In the management and treatment of anxiety symptoms by providers, Maaks noted that the child’s own fears should never be used for any form of discipline or behavioral control, as there have been many studies that have shown this to be harmful and ineffective.

Instead, there are treatments available that have proven highly efficacious, such as behavioral modification, CBT, and mindfulness therapy. These treatments can help the child become aware of early warning signs of symptoms in order to not be as overwhelmed when they occur.

Other successful treatment methods include desensitization therapy, which entails exposing the child to their fears in a therapeutic environment. However, desensitization therapy is not generally used in a primary care setting. The reason for this is that if it’s done incorrectly, it can be harmful.

Additionally, Maaks noted that since the classroom environment may be triggering for children, classroom modification and an individualized education program may be necessary for treatment to be successful. Such modification can include extra time for assignments and alternate testing sites, which can help to support the patient in those environments.

In regard to appropriate medication for anxiety, a meta-analysis of 9 randomized clinical trials assessed sertraline, fluoxetine, fluvoxamine, venlafaxine, paroxetine, duloxetine, and atomoxetine for their efficacy and safety in a pediatric population.

The researchers found that both selective serotonin reuptake inhibitors (SSRI) and serotonin-norepinephrine reuptake inhibitors improved symptoms at 2 weeks. However, at week 2 there were class differences that showed that SSRIs worked better with significant differences for the next 10 weeks. Additionally, half of the treatment response for both groups occurred by week 4.

The research also showed that the SSRI treatment response was not different over time for high versus low SSRI doses, but high doses resulted in improved symptoms at 2 weeks.

Maaks noted that duloxetine is the only FDA approved medicine that is specifically used for generalized anxiety disorder. Medications such as fluoxetine, sertraline, and escitalopram have been FDA approved for OCD in children and are also widely used for treatment of anxiety. However, these medications have not been approved by the FDA for anxiety specifically.

There are also other medications that are available for treatment of anxiety that have not been approved by the FDA for anxiety. These include busipirone, buproprione, venlafaxine ER, clomipramine, and atomoxetine.

One area to be cautious of when giving SSRIs to a child is serotonin syndrome, Maaks explained. Serotonin syndrome can be fatal, and may present as agitation, pressured speech, tachycardia, diarrhea, shivering, diaphoresis, mydriasis, clonus, hyperreflexia, tremor, and seizure.
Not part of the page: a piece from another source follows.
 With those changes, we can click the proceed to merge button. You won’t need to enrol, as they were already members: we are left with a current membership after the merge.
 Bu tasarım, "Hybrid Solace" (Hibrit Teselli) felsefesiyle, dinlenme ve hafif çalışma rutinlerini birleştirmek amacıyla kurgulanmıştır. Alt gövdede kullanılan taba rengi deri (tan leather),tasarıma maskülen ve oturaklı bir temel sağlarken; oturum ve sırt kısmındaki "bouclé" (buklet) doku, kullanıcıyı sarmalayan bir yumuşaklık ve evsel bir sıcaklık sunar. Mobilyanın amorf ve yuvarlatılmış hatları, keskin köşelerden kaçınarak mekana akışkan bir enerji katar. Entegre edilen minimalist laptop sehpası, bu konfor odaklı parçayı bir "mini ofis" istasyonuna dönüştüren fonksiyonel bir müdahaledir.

Serotonin syndrome can occur if an SSRI is taken with St. John’s Worst, and it can be stopped with medications such as serotonin-production blocking agents. If this syndrome is occurring, stopping the medication will be necessary, which should also, in turn, stop the symptoms.
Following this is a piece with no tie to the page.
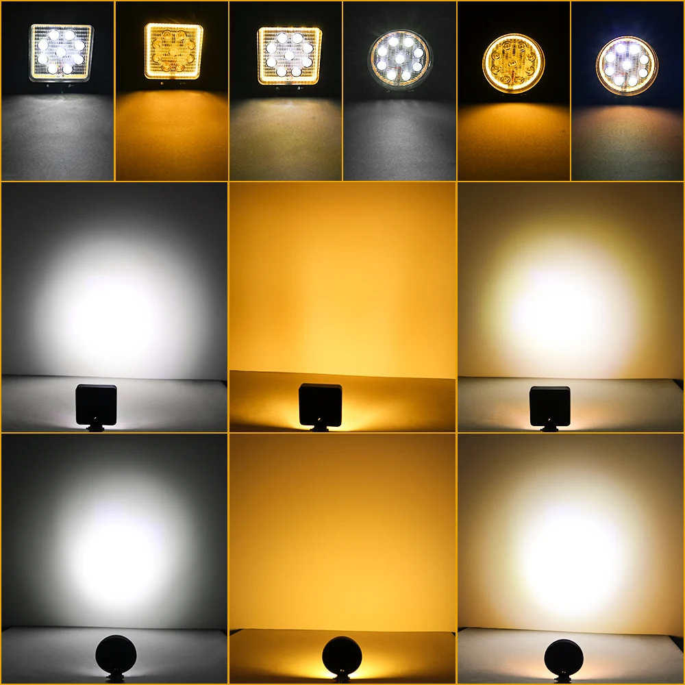 Светодиодный рабочий светильник 27 Вт 9 Барра квадратный круглый Точечный светильник DRL автомобильный светильник для 4x4 Led бар внедорожный внедорожник ATV Грузовик Экскаватор белый Янтарный

Maaks also made note that during treatment with an SSRI, if an SSRI is stopped abruptly without tapering, a condition can develop called discontinuation syndrome. This syndrome occurs more commonly with SSRIs that have a longer half-life, such as fluoxetine, and it can appear like the flu.
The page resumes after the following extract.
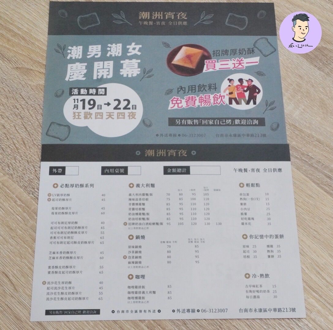 台南新店報報🥳🥳 台南又多一間好吃的宵夜店『潮洲宵夜』必吃招牌的「奶酥厚片」超邪惡美味爆好吃,開幕首四日還有買三送一及飲料免費暢飲活動,營業時間超長從早開到晚,加上餐點很平價,絕對是台南宵夜新去處啊,
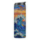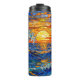 A tumbler with an illustration of a stained glass mosaic ocean waves and sunset illustration.

Symptoms of discontinuation syndrome can include dizziness, fatigue, irritability, insomnia, diarrhea, chills, paresthesias, and vivid dreams. In some rare cases, psychosis, suicidality, and a feeling of being removed from oneself can also occur.

REFERENCE
Maaks DG. ADHD 300: Beyond the Basics. Paper presented at: 2020 Virtual Conference on Pediatric Health Care; June 4 – June 5, 2020; virtual. event.vconferenceonline.com/vconference/odplayer_flash.aspx?id=16559. Accessed July 2, 2020.